Mario Mauro, il Parlamento europeo, il Partito popolare: GIANNI CREDIT riflette sul ruolo dell'esponente politico del Pdl e gli chiede: cosa ne pensa della sanità italiana?

Mario Mauro, foto InfoPhotoMario Mauro, foto InfoPhoto

Mario Mauro è l’unico europarlamentare italiano che sta intervenendo in prima persona nell’avvio della campagna elettorale. L’ottantenne Luigi Berlinguer è stato garante delle primarie Pd: ma né Pierluigi Bersani, né Matteo Renzi, né Nichi Vendola, nei loro ripetuti duelli, hanno parlato molto di Italia e Ue al fuori di battute schematiche. Vendola si ritrova candidato “in pectore” a un commissariato Ue, ma solo come momento di “scambio” per l’appoggio a Bersani nel ballottaggio con Renzi . Il sindaco di Firenze ha sempre lasciato che si sottolineassero i suoi legami - ideali e personali - con il mondo americano. E Bersani ha compiuto il suo primo viaggio da candidato premier in Libia: sulle orme di Berlusconi, là dove peraltro l’Europa (ormai quella di ieri) ha mostrato i suoi limiti. Non c’è comunque di che stupirsi: il Pd è confluito solo nel 2009 nel percorso del Pse (cioè del Ps francese e della Spd tedesca). E il “sinistra-centro” odierno non è alla fine molto più europeista di Silvio Berlusconi o della Lega Nord, fra letture tattiche degli umori dell’elettorato e fondamentali politico-valoriali.

In Italia - pur per motivi comprensibili e non banali - l’Europa resta quella dei tecnocrati e delle lettere-diktat sull’austerità fiscale  e previdenziale: non il luogo politico-economico nel quale tutti gli italiani si ritrovano all’uscita della crisi globale, in un pianeta in cui la “democrazia sociale (sussidiaria) di mercato” non è più un modello prevalente, ma ormai in competizione orizzontale con altri.      

Mauro è un politico italiano che, fin dall’esordio, ha svolto esclusivamente a Strasburgo il suo impegno di rappresentante istituzionale democraticamente eletto. L’Europarlamento per lui è stata una scelta, non un ripiego o un parcheggio. Da lì ha osservato e vissuto la crisi italiana - dentro la crisi europea - da un punto di vista specifico: diverso, complementare, concorrente rispetto a quello di un Bersani, di un Renzi, di un Berlusconi, di un Casini (o di un Montezemolo), perfino di un Monti o di un Draghi.  
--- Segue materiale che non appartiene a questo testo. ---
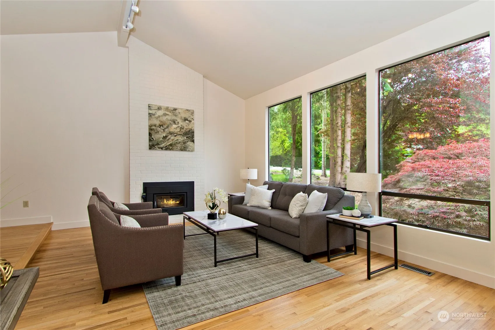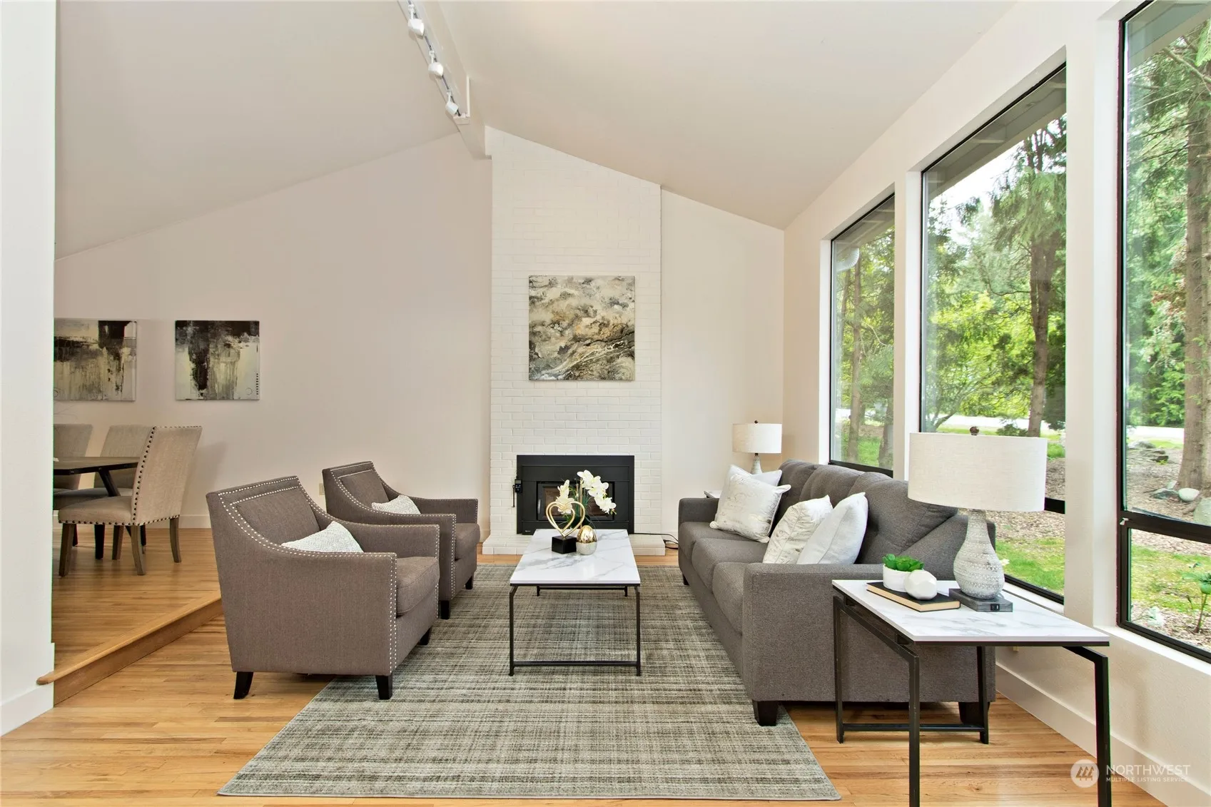Nestled in the tranquil Woods at Issaquah on Squak Mountain, this elegant 4-bedroom, 2.25-bathroom home offers comfort and style. A covered walkway opens to interiors with hardwood floors, vaulted ceilings, and a fireplace. Large windows illuminate the main floor, while the dining room and kitchen, featuring an eat-in nook, overlook a spacious deck and private backyard—ideal for outdoor entertainment. Upstairs, find three bedrooms, a full bath, and a primary suite with dual closets and an ensuite. The lower level houses a versatile family room, utility room, and half bath. Recent updates include fresh paint, solar panels, and extensive parking for boats or RVs, making this home a perfect blend of modern amenities and natural surroundings.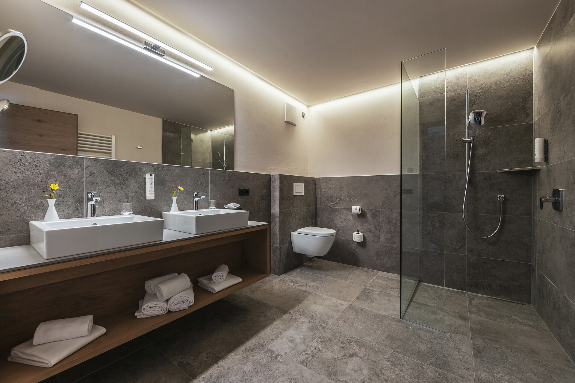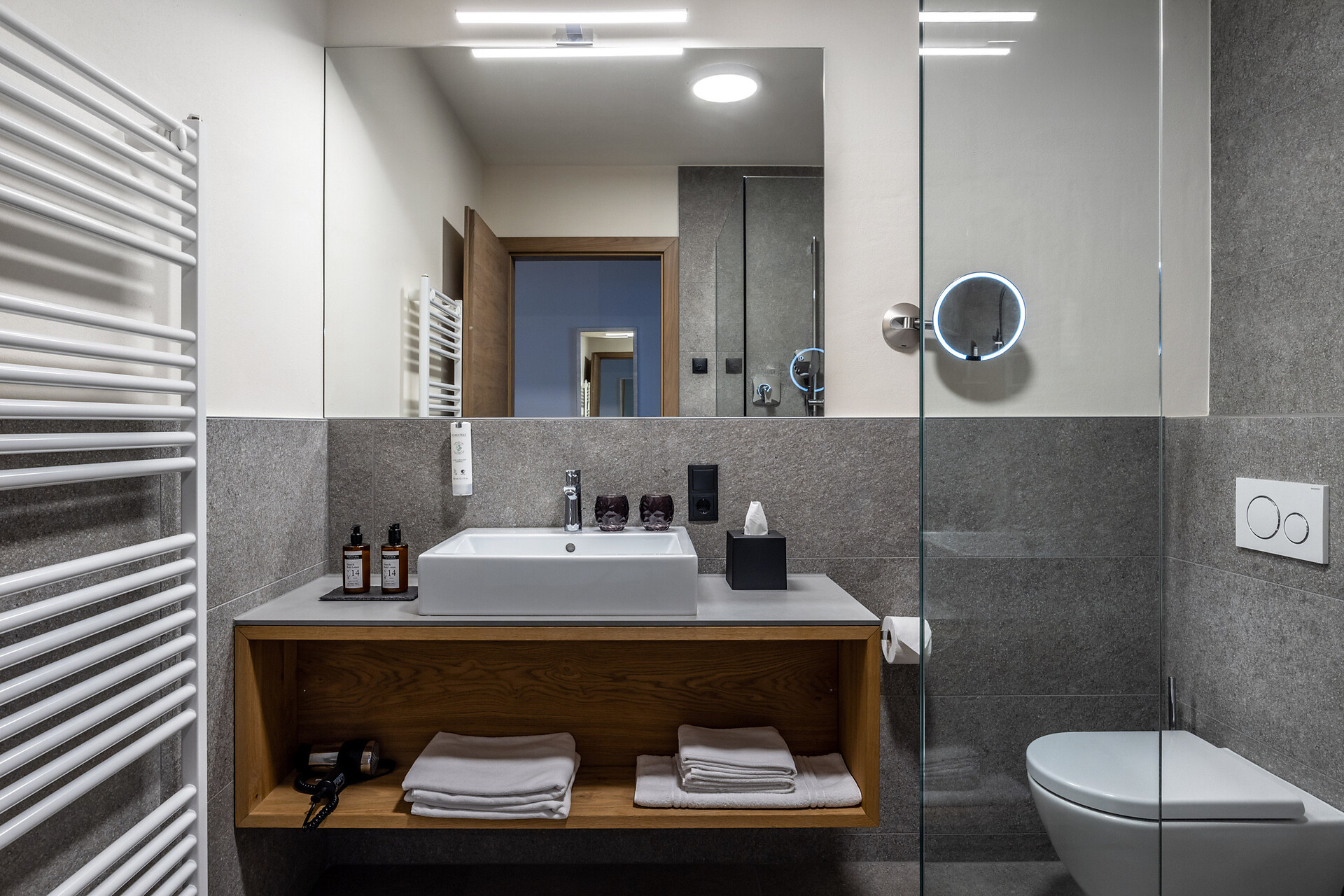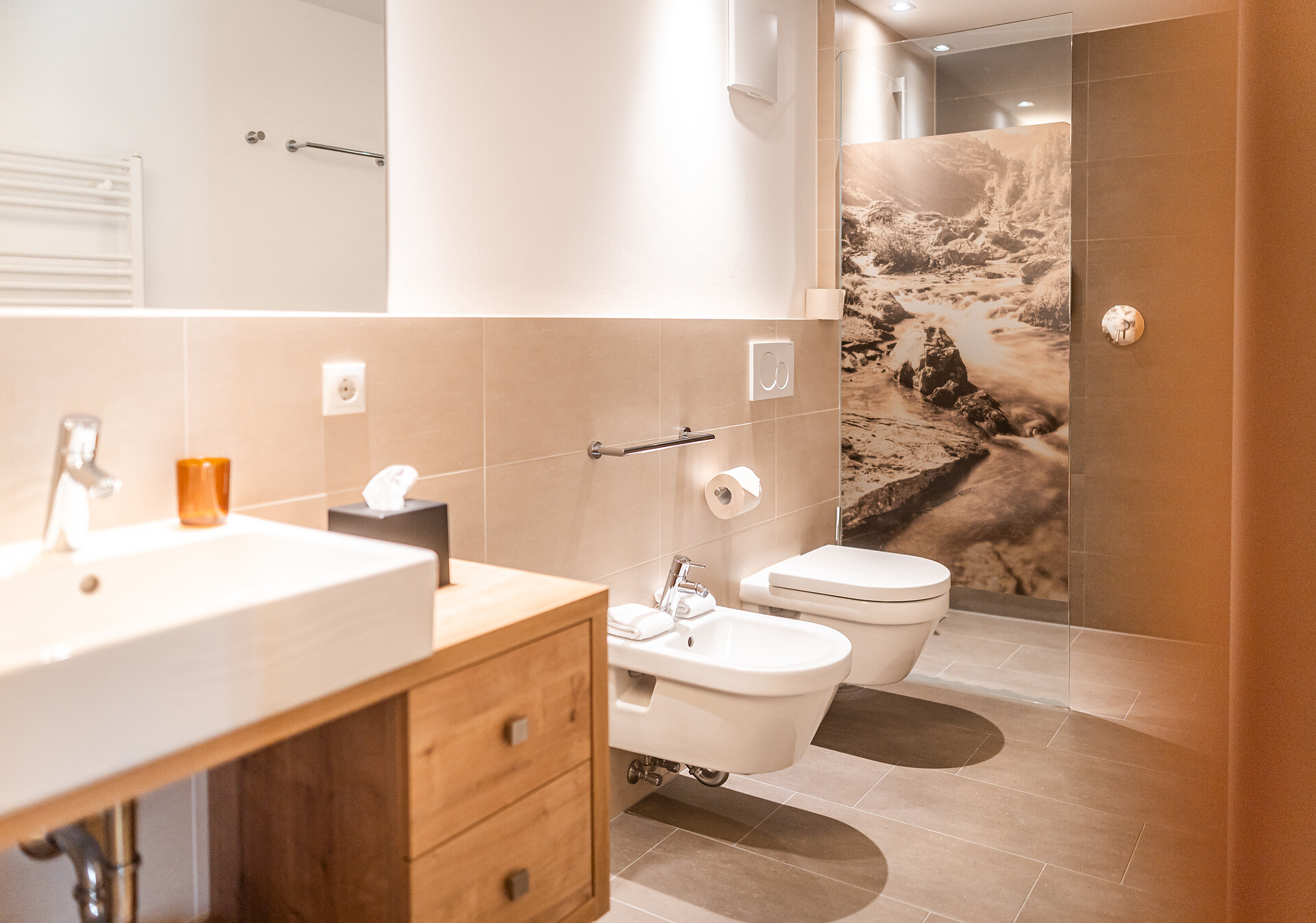 2 Bäder mit Dusche, Badewanne, Bidet, Föhn und getrenntem WC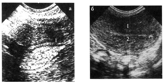 Эндометрий соответствует пролиферативной фазе, без влияния секреторной фазы. Продольное ТВ-сканирование: 1 — матка, 2 — М-эхо без ЛУГ; а) — до введения окситоцина; б) — после введения окситоцина образования при ДН, отсутствие изменения формы и размера при ФФДП.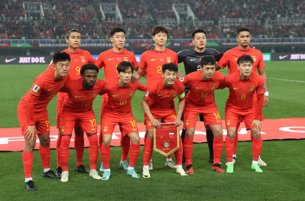 3月26日,中國隊(duì)首發(fā)球員在比賽前合影。新華社記者 賈浩成 攝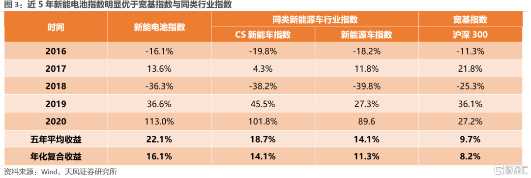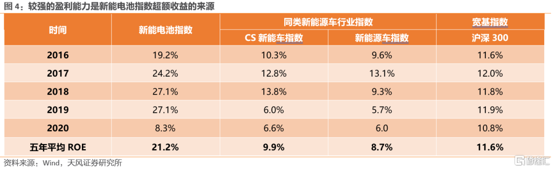 2. 回溯历史,近五年新能电池指数收益显著高于宽基指数与同类新能源车行业指数。持续稳定的超额收益来源于新能电池指数较强的盈利能力,近五年新能电池指数平均ROE水平为21.2%,远高于宽基指数与同类行业指数。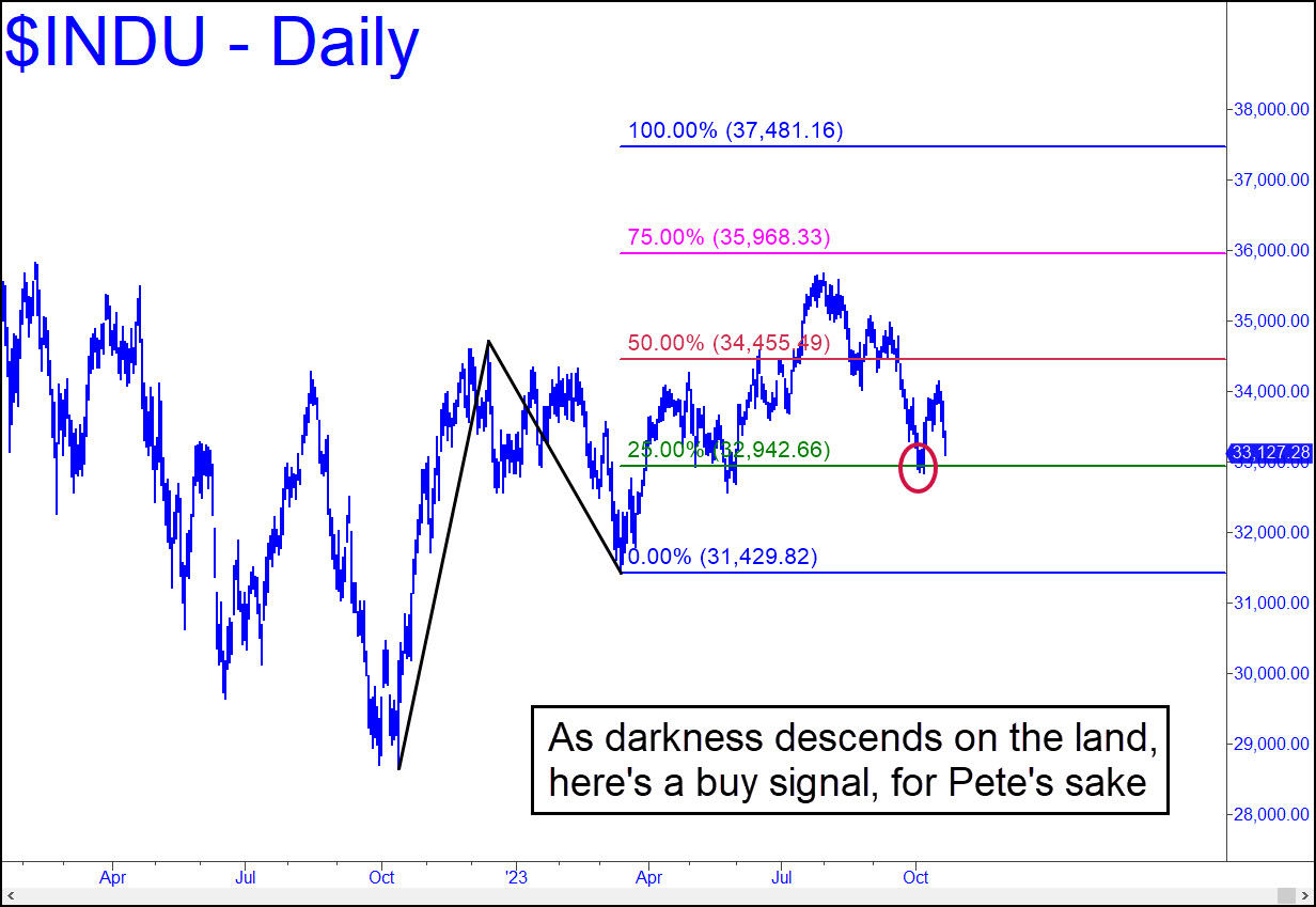 We should never discount this possibility, as the chart reminds us. What it says, in coldly disinterested technical terms, is that the Dow Industrials became a theoretically enticing buy when, with dubious prescience, they bottomed on the green line just hours before the Hamas attack. Under the simple rules of the Hidden Pivot System, this triggered a ‘mechanical’ signal to get long. Although this doesn’t’t necessarily mean we should expect the Indoos to rocket to new all-time highs, it does portend a rally to at least the red line (34,455) before DJIA relapses to beneath C=31,428. This bullish set-up usually works, so don’t be surprised if a preternaturally powerful rally develops amidst growing darkness in the real world.

Dell’euro-parlamento Mauro è stato vicepresidente e candidato-presidente: e la pressione della crisi economico-finanziaria ha fatto molto crescere il ruolo di Strasburgo. Il Parlamento sta diventando un test concreto di applicazione del principio di sussidiarietà, anche se diverso da quello concepito dalla stessa Costituzione Ue. Jean-Claude Trichet, predecessore di Draghi al vertice Bce, ha scritto qualche settimana fa che l’Unione fiscale (cioè l’exit strategy europea dalla crisi) è compatibile con la democrazia - cioè: è realizzabile - soltanto se si chiama in gioco l’Europarlamento. La stabilizzazione strutturale dell’euro e lo sviluppo dell’Europa “3.0” (dopo i trattati di Roma del 1957 e quelli di Maastricht del 1991) sono dunque possibili solo se gli impegni reciproci di finanza pubblica - essenzialmente politici - sono condivisi dal confronto (pienamente democratico) fra parlamenti nazionali e parlamento europeo:  non solo fra governi e Commissione Ue, i cui membri sono designati dai governi stessi.